# False advertising: WHY!



## MysticSky22301 (Apr 16, 2016)

I keep seeing obvious false advertising EVERYWHERE. Rose tails being sold as hm or ohm, super delta as hm, opaque ears as EE with no real EE, and X factor Fish being sold as dragons or healthy fish  

Here's one of the worst this poor fish...it looks like a spoon tail with horribly curled fins and it's so so tiny


----------



## trilobite (May 18, 2011)

Isnt it the most frustrating thing!? Lol the only thing they managed to get right was that its a male!

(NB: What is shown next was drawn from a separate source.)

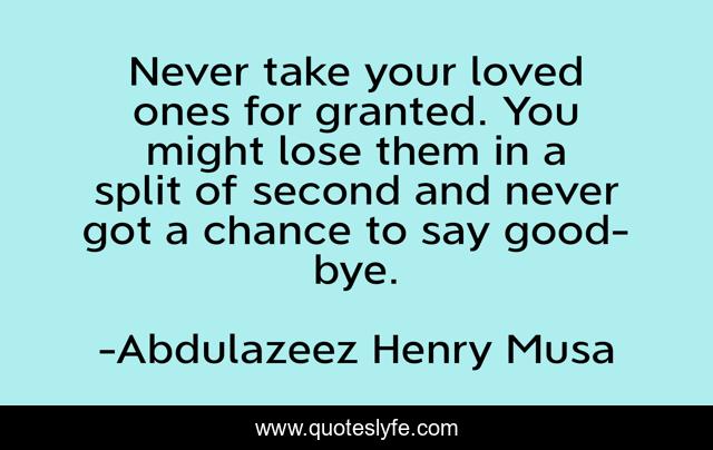 This page presents the quote "Never take your loved ones for granted. You might lose them in a split of second and never got a chance to say good-bye.". Author of this quote is Abdulazeez Henry Musa. .

You should see NZ local sales page, there used to be endless "AAA grade halfmoon $80" when infact they were just sickly blue/red vt... and the sellers would throw massive fits and blacklist you if you suggested otherwise.
"HM females" that cant even reach 180.... and people who call anything a hm or a ct just because one parent was...ugh its the worst

I cant decide if the seller is ignorant and has no idea what they're selling, or they are hoping the buyers are ignorant


----------



## MysticSky22301 (Apr 16, 2016)

I ended up with my beautiful feather girl Artemis she didn't have feathering when I bought her it actually developed after. But I see soo many rose tails being sold as hm it's disturbing, what if these people are buying them for breeding? What if it doesn't show up until after a month or so like Artemis? Why fool people? Luckily me she's being bred to my delta instead of an hm ( also debating trying her with my crown tail)


----------



## Autumncrossing (May 2, 2016)

I remember seeing that one, it took me a second look to even realize it was a betta. Poor thing .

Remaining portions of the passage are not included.